2. Melvin and Howard Directed by Jonathan Demme Written by Bo Goldman
Demme's early movies tended toward eccentric Americana. This one is the most eccentric and American of them all.
3. Raging Bull Directed by Martin Scorsese Written by Scorsese, Mardik Martin, Paul Schrader, and Robert De Niro, from a memoir by Jake LaMotta with Joseph Carter and Peter Savage
Along with Taxi Driver and The King of Comedy, this is one of the high points of the Scorsese/De Niro partnership -- and while I don't think the film as a whole is quite on the same level as those other two pictures, it just might feature the best of De Niro's three performances.
4. UFOria Written and directed by John Binder
Surely the only flying saucer movie in which key plot points turn on the protagonist's physical resemblance to Waylon Jennings. Also featuring Harry Dean Stanton as a faith healer cum con artist; between this and Repo Man, Stanton has to be the most essential actor in '80s science fiction. Why the hell isn't this on DVD yet?

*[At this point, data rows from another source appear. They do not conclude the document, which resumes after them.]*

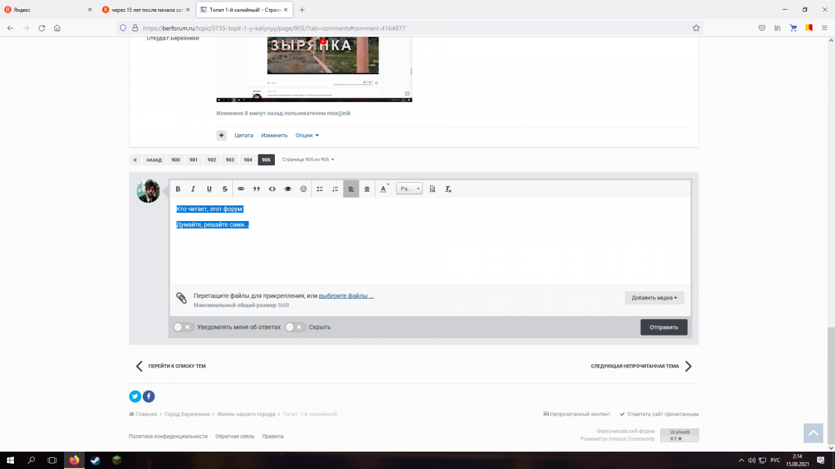 jimm031 Опубликовано 14 августа, 2021 Опубликовано 14 августа, 2021 5 минут назад, mex@nik сказал(а) : И кто вам такой текст дал? это официальный текст из марта-апреля, когда решили расселять прогиб. Ищи в этой теме. В следующий раз, когда соберёшься кого-то ловить на словах, готовься тщательней... а пей меньше. 1
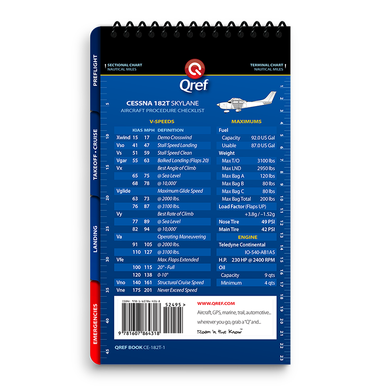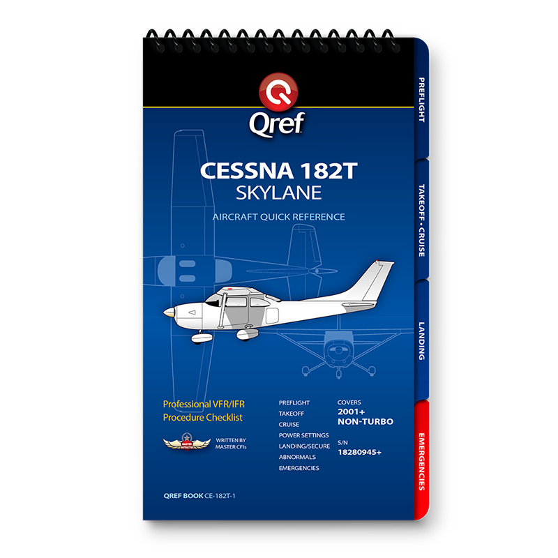 Qref BooksTopics Covered: Preflight, Takeoff/Cruise, Landing, Comprehensive Abnormals and Emergencies, V-speed list, cruise performance chart Get the most accurate, reliable aircraft checklist on the market with a Qref checklist. The procedures cover every aspect of flight, from preflight through takeoff, cruise, landing, and a comprehensive emergencies/abnormals section. Emergencies are arranged by system, meaning no more digging through pages to find the right section. Qref’s trademark is creating checklists that are easy for pilots to use. A major difference in aircraft checklists between Qref and others is the level of experience and expertise that go into every procedure. The Qref team of Master CFIs have over four decades of combined active flight instruction and flying experience at all levels of industry, with instruction and flight time in this aircraft. Further, they have taken advantage of the past 20 years of checklist design research. Qref’s team incorporates industry-best practices into these checklists and forthcoming publications. They not only create checklists, they use them in daily instruction and flying. Qref checklist design features a larger, more readable font, comprehensive procedures sectioned into tabs loaded with useful reference and conversions, and non-glare laminated pages. A complete table of contents makes finding the exact procedure quick. Find out for yourself why Qref aircraft checklists are fast becoming the Gold Standard in aviation. Qref CardsTopics Covered: Preflight, Takeoff/Cruise, Landing, Abnormals and Emergencies, V-speed list 2-card set: one for standard procedures, one for abnormals and emergencies. Q'Cards are designed for pilots who are already familiar with the aircraft but need an everyday checklist to keep relevant procedures at their fingertips. 5" x 9" (12.7 cm x 22.8 cm), the prefect size to fit on a yoke mount or kneeboard. Indestructible proprietary 10-mil laminate with non-glare, UV protective treatment means these checklists will withstand years of use. No other checklist has this! A major difference in aircraft checklists between Qref and others is the level of experience and expertise that go into every procedure. The Qref team of Master CFIs have over four decades of combined active flight instruction and flying experience at all levels of industry, with instruction and flight time in this aircraft. Further, they have taken advantage of the past 20 years of checklist design research. Qref’s team incorporates industry-best practices into these checklists and forthcoming publications. They not only create checklists, they use them in daily instruction and flying. Find out for yourself why Qref aircraft checklists are fast becoming the Gold Standard in aviation. |
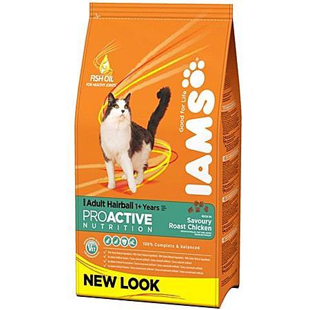 Iams ProActive Hairball Adult con pollo, ayuda a reducir el riesgo de formación de bolas de pelo.
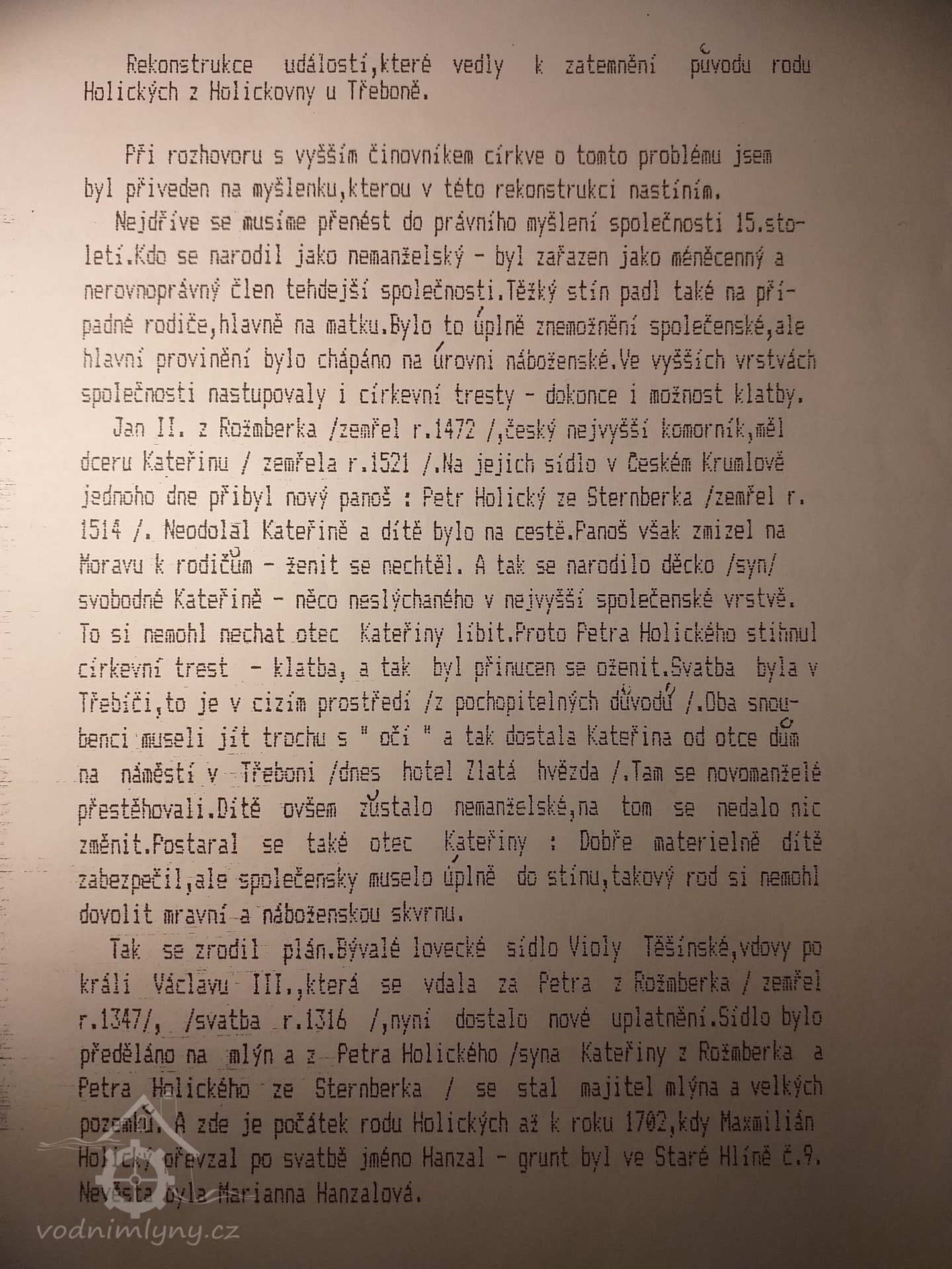 Kolem r.1490 byl z loveckého sídla královny Violy Těšínské zřízen mlýn k obživě Petra Holického(*1471), nemanželského syna Kateřiny z Rožmberka (*17. Srpen 1457, +20. Srpen 1521) a Petra Holického ze Šternberka (*1446, +4. červen, 1514). Petr byl jako nemanželský svěřen do výchovy Anežky z Rožmberka († 25. července 1488) , která žila na Třeboni jako svobodná, kde na zámku hospodařila a dostala na starost nemanželského Petra, porozeného v Českém Krumlově, pro kterého pak byl z loveckého sídla královny Violy Těšínské zřízen k obživě mlýn - Holickovna. Mlýn byl dřevěné konstrukce postaven nad ramenem Lužnice. Zanikl pravděpodobně za třicetileté války. Dvůr byl v držení rodu Holických do r. 1869, ovšem v majetkových a gruntovních knihách z r. 1683, 1728, 1786 atd. již nikde zmínka o mlynáři či mlýnu není.
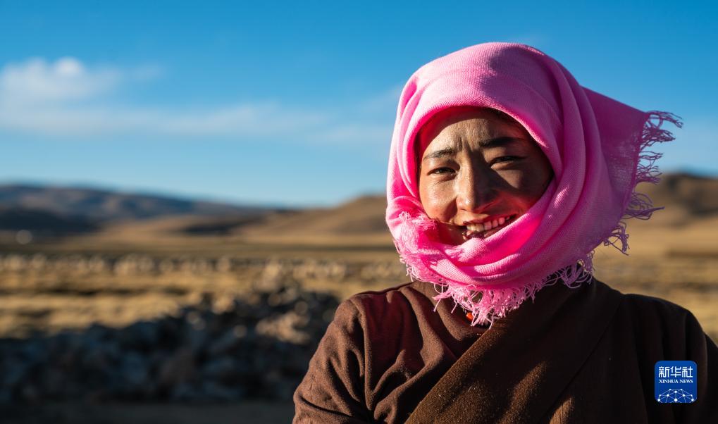 這是生活在西藏當雄縣納木湖鄉達布村的牧民芝嘎措姆(11月10日攝)。
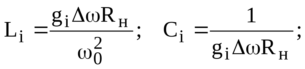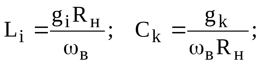 У табл. 1.1 наведено схеми Т-подібних і П-подібних каскадів драбинного кола і формули перерахунку g-параметрів НЧ фільтру-прототипу в параметри елементів проектованого фільтру.

5. The Stunt Man Directed by Richard Rush Written by Rush and Lawrence B. Marcus, from a novel by Paul Brodeur
I was blown away by this movie when I saw it at age 18, and I renewed my affections for it by rewatching it every few years. Then I set it aside for awhile, pulled it out again in my thirties, and got the uncomfortable feeling that I'd outgrown it. Suddenly the lead character I'd identified with seemed like an asshole; his romance with the leading lady seemed implausible and contrived; the film-within-a-film seemed pretentious and inane. But I'll still put it here for old time's sake, and because Peter O'Toole and Allen Garfield are great in it, and because the picture is still entertaining even if it isn't all that profound. Besides, I'm starting to wonder how many of my newfound problems with the movie were really problems with the ways my younger self had been interpreting it, and if some of those flaws are actually deliberate ironies. Maybe I better watch it again.

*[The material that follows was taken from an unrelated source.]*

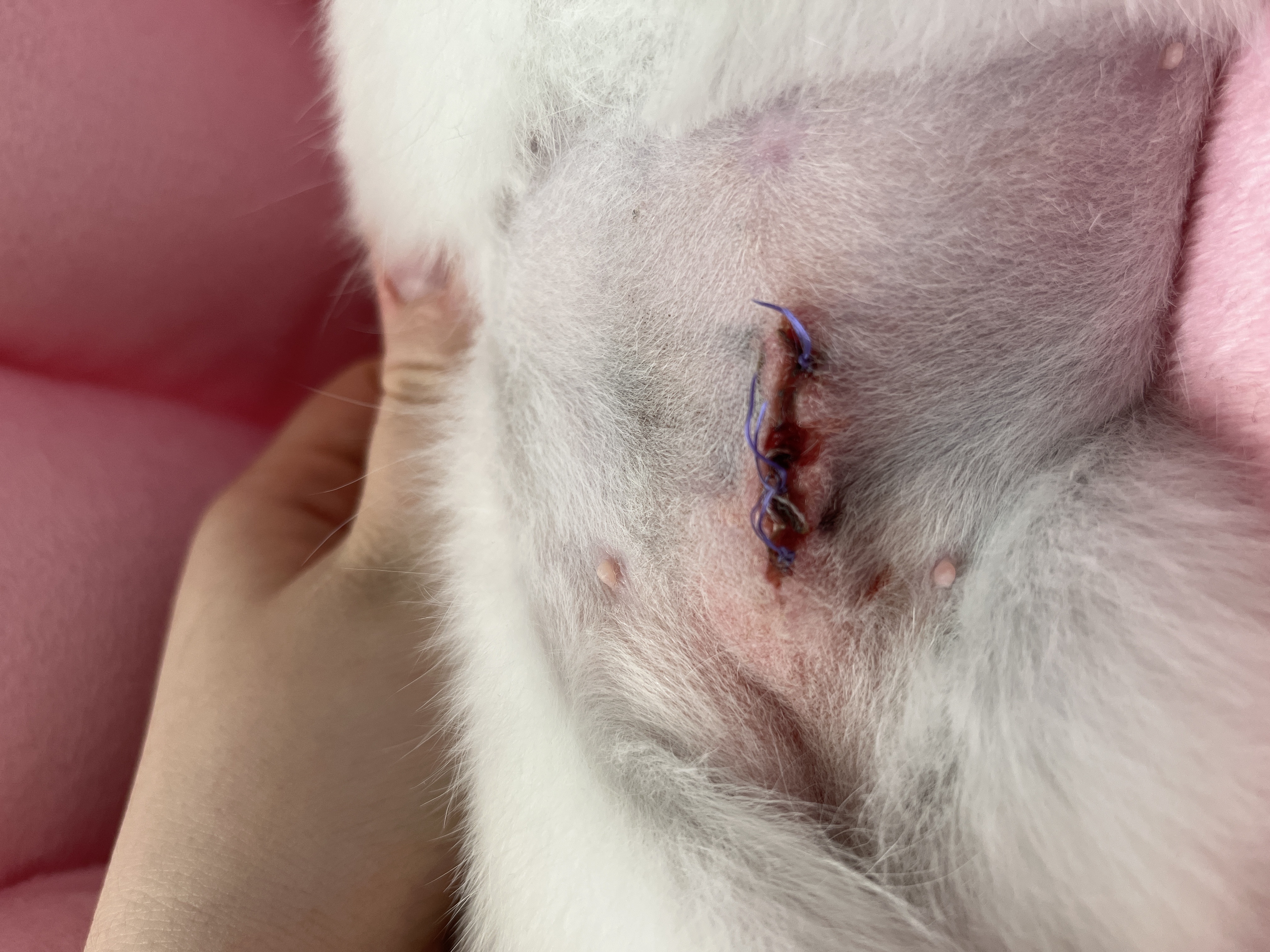 Dobrý den, můžete dle fotky posoudit jestli je jizva po čerstvé kastraci v pořádku? Měla i obleček aby si to nelízala, ten jsme ale čtvrtý den sundali. Nemáme teď možnost dostat se k naší veterinářce. Jizva je týden stará od operace. Moc děkuji za odpověď.

6. Bronco Billy Directed by Clint Eastwood Written by Dennis Hackin
If Mon Oncle d'Amerique's determinist worldview was too depressing for you, let Bronco Billy be the antidote. It's a celebration of individual freedom, extolling America as a place where people can jettison their old identities and reinvent themselves. As clear a statement of Eastwood's libertarian values as you'll find this side of The Outlaw Josey Wales.
7. The Long Good Friday Directed by John Mackenzie Written by Barrie Keeffe
Bob Hoskins plays a gangster boss, and that really ought to be enough to get you to watch the movie right there.

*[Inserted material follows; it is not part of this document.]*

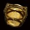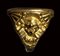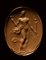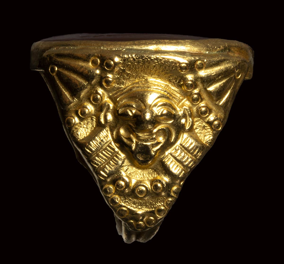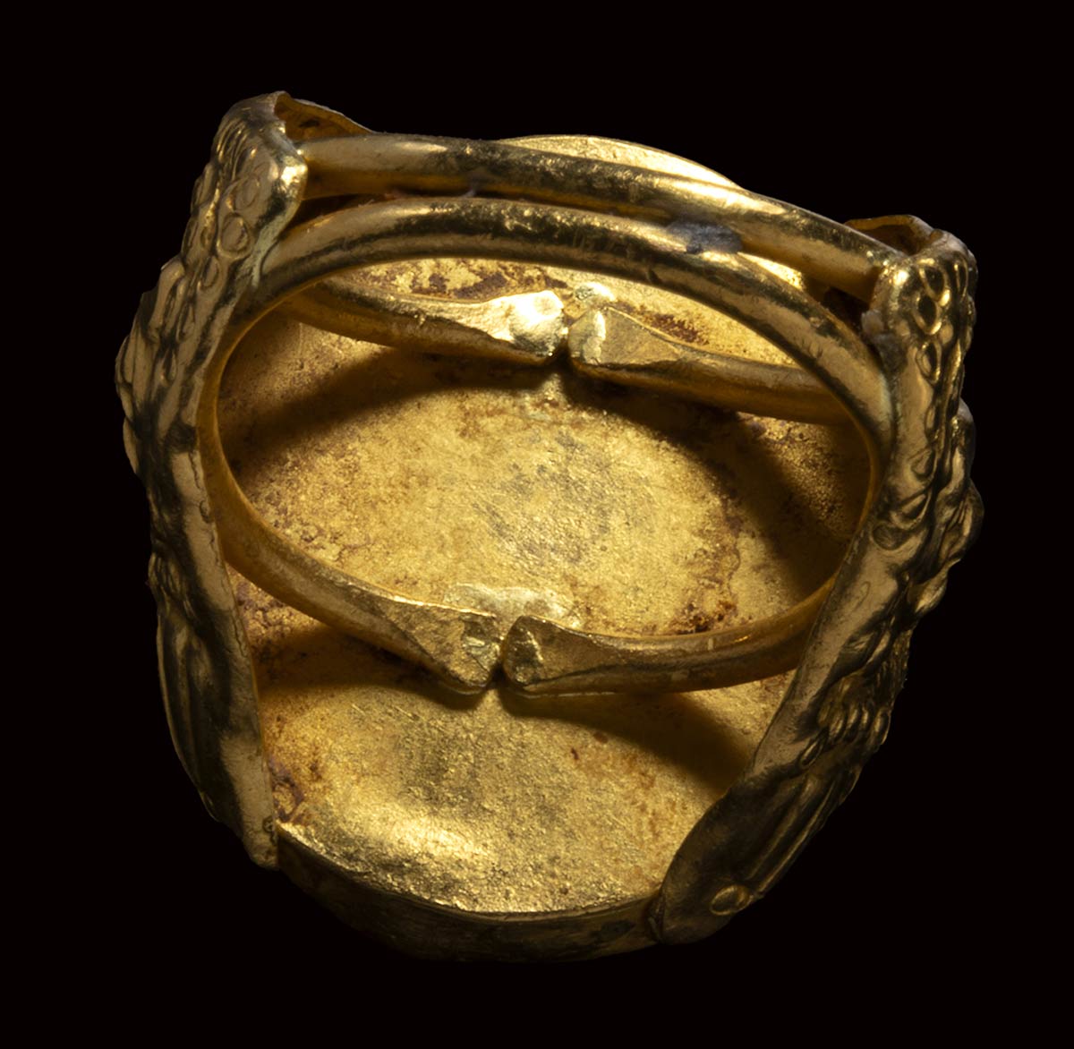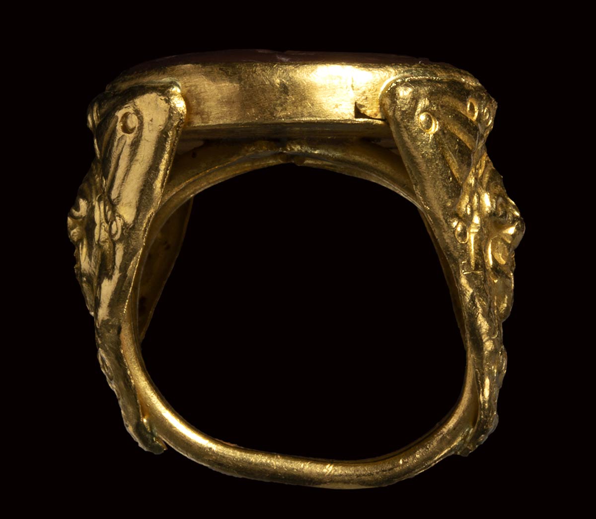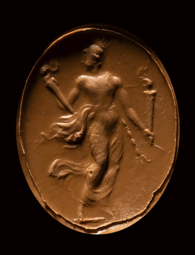 The female figure advances to the left, turning her head in profile backwards to the right. She wears a tunic that adheres to the body for the wind, which also raises a veil. With both hands she holds burning torches. Allegorical subject (perhaps referred to Diana Lucifera), probably executed in the post classical era. Signs of wear. The gem is mounted in an Etruscan style setting, adorned with two gorgona masks chiseled on the triangular shoulders of the ring. Fine condition.
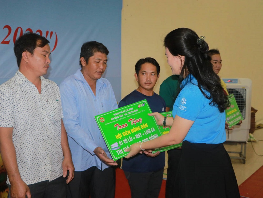 Khoảng 223 bộ công cụ sản xuất, phương tiện sinh kế và sửa chữa ghe lưới với tổng số tiền 3 tỷ 269 triệu đồng được trao tặng cho cho 200 hộ hội viên nông dân nghèo, cận nghèo trên địa bàn. Trong đó, trao tặng 58 hộ tại huyện Củ Chi; 1 hộ tại huyện Hóc Môn; 12 hộ tại huyện Bình Chánh; 11 hộ tại huyện Nhà Bè; 115 hộ tại huyện Cần Giờ; 3 hộ tại TP Thủ Đức.

8. Kagemusha Directed by Akira Kurosawa Written by Akira Kurosawa and Masato Ide
"When the original is gone, what will happen to the double?"
9. Garlic Is As Good As Ten Mothers Directed by Les Blank
An ode to the stinking rose.
10. Airplane! Written and directed by Jim Abrahams, David Zucker, and Jerry Zucker
I speak Jive. What's our vector, Victor? Stop calling me Shirley. Jim never vomits at home. There's a sale at Penney's! It's a big building with patients, but that's not important right now. (I can go on like this all night.)
Honorable mentions:
11. Atlantic City (Louis Malle) 12. The Last Metro (François Truffaut) 13. Breaker Morant (Bruce Beresford) 14. The Ninth Configuration (William Peter Blatty) 15. Bad Timing (Nicholas Roeg) 16. Carny (Robert Kaylor) 17. American Gigolo (Paul Schrader) 18. The Blues Brothers (John Landis) 19. Coal Miner's Daughter (Michael Apted) 20. History of the World in Three Minutes Flat (Michael Mills)
Of the films of 1980 that I haven't seen, I'm most interested in Pepi, Luci, Bom. And sometime I suppose I should scale the 15-hour peak that is Berlin Alexanderplatz.